2.7.2 Keberfungsian Sosial

  Fungsi sosial yaitu pelaksanaan tugas tugas pokok yang dilaksanakan oleh individu dan anggota masyarakat sebagai suatu petunjuk umum kearah kehidupan bersama manusia dan masyarakat yang berupa fungsi pengaturan, pemilikan, pelaksanaan dan pengawasan. Kemampuan berfungsi sosial yaitu mengacu kepada cara-cara individu atau kolektivitas (seperti keluarga, perkumpulan-perkumpulan, masyarakat dan sebagainya) bertindak dalam melaksanakan tugas-tugas kehidupan dan memenuhi kebutuhan-kebutuhan mereka.

  Keberfungsian sosial dapat dipandang dari berbagai segi, yaitu: 1. Dipandang sebagai kemampuan melaksanakan peranan sosial

  Keberfungsian sosial dapat dipandang sebagai penampilan/pelaksanaan peranan yang diharapkan sebagai anggota suatu kolektivitas.

  2. Dipandang sebagai kemampuan untuk memenuhi kebutuhan Orang selalu dihadapkan untuk memenuhi kebutuhannya. Oleh sebab itu, keberfungsian sosial juga mengacu kepada cara-cara yang digunakan oleh individu maupun kolektivitas dalam memenuhi kebutuhan mereka.

  3. Dipandang sebagai kemampuan untuk memecahkan permasalahan

  Orang dalam usahanya memenuhi kebutuhan, melaksanakan tugas-tugas kehidupan dan mewujudkan aspirasinya tidaklah mudah. Ia dihadapkan kepada keterbatasan, hambatan dan kesulitan serta permasalahan yang harus ditangani dan dipecahkan.

  Uraian diatas menggambarkan bahwa setiap orang selalu dihadapkan kepada permasalahan sosial.

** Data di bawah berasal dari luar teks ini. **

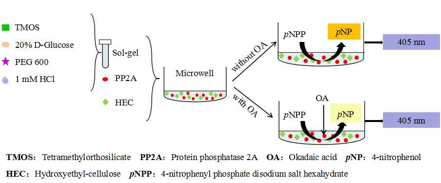 本发明涉及一种腹泻性贝类毒素快速检测试剂盒及其检测方法,属于水产品安全检测领域。试剂盒包括:(1)包埋有蛋白磷酸酶2A(PP2A)酶凝胶的96孔微孔板;(2)大田软海绵酸浓度梯度系列标准溶液;(3)缓冲溶液A;(4)缓冲溶液B;(5)底物显色溶液;(6)质控样品溶液。本发明采用改进的溶胶?凝胶技术将PP2A酶固定在微孔板底部,利用腹泻性贝类毒素在碱性条件下抑制PP2A酶催化无色底物对硝基苯磷酸二钠去磷酸化产生黄色产物对硝基苯酚(pNP)的反应,根据pNP在405 nm处吸光度与毒素浓度的剂量?反应关系对毒素进行定量检测。本发明样品前处理和检测步骤简单,操作技术要求不高,耗时较短、费用低廉、准确率高,适用于大批量贝类样品中腹泻性贝类毒素的快速筛查。
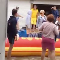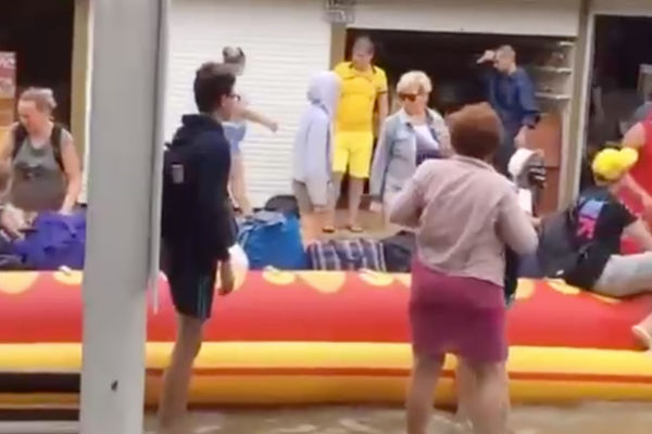В Анапе на затопленной улице люди спасаются от воды на надувном аттракционе «Морской дракон». Об этом сообщает Telegram-канал Life Shot.
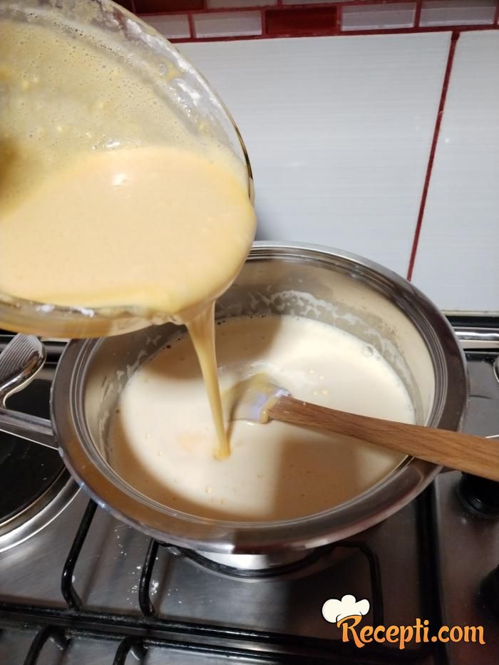 Za pripremu fila umešajte žumanca sa šećerom pa dodajte gustin i malo mleka, umešajte. U šerpicu sipajte ostatak mleka, pa kada se mleko potpuno ugreje dodajte umućenu smesu i mešajte dok se fil potpuno ne zgusne.
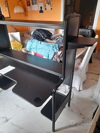 Scrivania ragazzo/ragazza gaming/studio pari al nuovo completa in tutte le sue parti. Modello Fredde Ikea, larghezza 140cm, profondità 74cm. Due ripiani a ponte sopra il piano di lavoro ( di cui uno è possibile regolare l altezza, due ripiani laterali e due ripiani sotto il piano x pc desktop e altro. Roma zona Monte Mario Policlinico Gemelli no spedizione
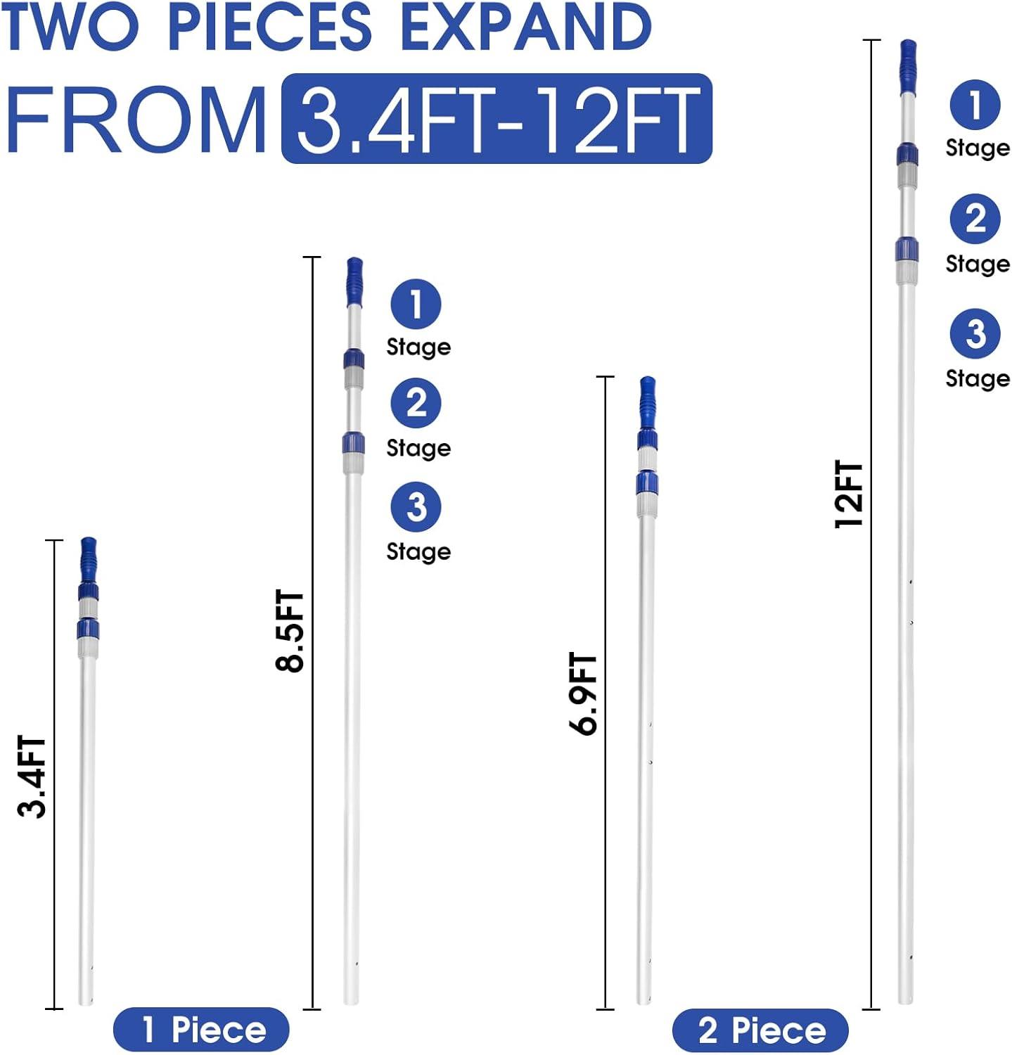 Poolvio 12FT Telescopic Pole, Pool Round Brush & Self-Repair Pool Rake

Kemampuan seseorang dalam mengatasi dan memecahkan permasalahan yang dialami menunjukkan kemampuannya dalam melaksanakan keberfungsian sosial.

2.7.3 Kerangka Pemikiran

  Penempatan para pelaku tindak pidana di lembaga pemasyarakatan bertujuan untuk mengintegrasikan warga binaan pemasyarakatan ke dalam masyarakat.